For this example, we’ll test a random forest classifier for the built-in cesium
features,
and a 3-nearest neighbors classifier for the others, as suggested by Guo et al.
(2012).
from cesium.build_model import build_model_from_featureset
from sklearn.ensemble import RandomForestClassifier
from sklearn.neighbors import KNeighborsClassifier
from sklearn.cross_validation import train_test_split
train, test = train_test_split(np.arange(len(eeg["classes"])), random_state=0)
rfc_param_grid = {'n_estimators': [8, 16, 32, 64, 128, 256, 512, 1024]}
model_cesium = build_model_from_featureset(fset_cesium.isel(name=train),
RandomForestClassifier(max_features='auto',
random_state=0),
params_to_optimize=rfc_param_grid)
knn_param_grid = {'n_neighbors': [1, 2, 3, 4]}
model_guo = build_model_from_featureset(fset_guo.isel(name=train),
KNeighborsClassifier(),
params_to_optimize=knn_param_grid)
model_dwt = build_model_from_featureset(fset_dwt.isel(name=train),
KNeighborsClassifier(),
params_to_optimize=knn_param_grid)
Prediction
Making predictions for new time series based on these models follows the same pattern:
first the time series are featurized using
featurize_timeseries
,
and then predictions are made based on these features using
predict.model_predictions
,
from sklearn.metrics import accuracy_score
from cesium.predict import model_predictions
preds_cesium = model_predictions(fset_cesium, model_cesium, return_probs=False)
preds_guo = model_predictions(fset_guo, model_guo, return_probs=False)
preds_dwt = model_predictions(fset_dwt, model_dwt, return_probs=False)

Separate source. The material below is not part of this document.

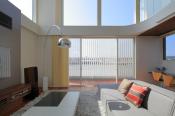 屋根の傾斜が特徴的な3階建てのこの建物は、周囲の街並みに溶け込みつつ印象的な佇まいをしています。前面道路に面して2台分のビルトインガレージを配置してありその上部のバルコニーに高さのある可動ルーバーを設置し、プライバシーを確保しながら採光や景色を自分で調整しながら取り込むことができます。また、建物の中央に中庭的な空間を設けることでさらに光や風をそれぞれの部屋に取り入れることができます。
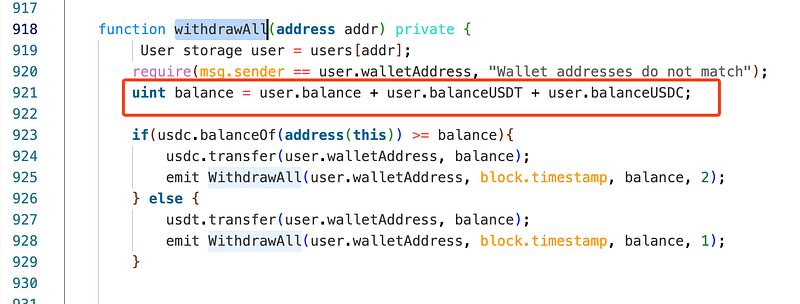 withdrawAllfunction calculates the total withdrawal amount usinguser.balance + user.balanceUSDT + user.balanceUSDC.

print("Built-in cesium features: training accuracy={:.2%}, test accuracy={:.2%}".format(
accuracy_score(preds_cesium[train], eeg["classes"][train]),
accuracy_score(preds_cesium[test], eeg["classes"][test])))
print("Guo et al. features: training accuracy={:.2%}, test accuracy={:.2%}".format(
accuracy_score(preds_guo[train], eeg["classes"][train]),
accuracy_score(preds_guo[test], eeg["classes"][test])))
print("Wavelet transform features: training accuracy={:.2%}, test accuracy={:.2%}".format(
accuracy_score(preds_dwt[train], eeg["classes"][train]),
accuracy_score(preds_dwt[test], eeg["classes"][test])))
Built-in cesium features: training accuracy=100.00%, test accuracy=83.20%
Guo et al. features: training accuracy=90.93%, test accuracy=84.80%
Wavelet transform features: training accuracy=100.00%, test accuracy=95.20%
The workflow presented here is intentionally simplistic and omits many important steps
such as feature selection, model parameter selection, etc., which may all be
incorporated just as they would for any other scikit-learn
analysis.
But with essentially three function calls (featurize_time_series
,
build_model_from_featureset
, and model_predictions
), we are able to build a
model from a set of time series and make predictions on new, unlabeled data. In
upcoming posts we’ll introduce the web frontend for cesium
and describe how
the same analysis can be performed in a browser with no setup or coding required.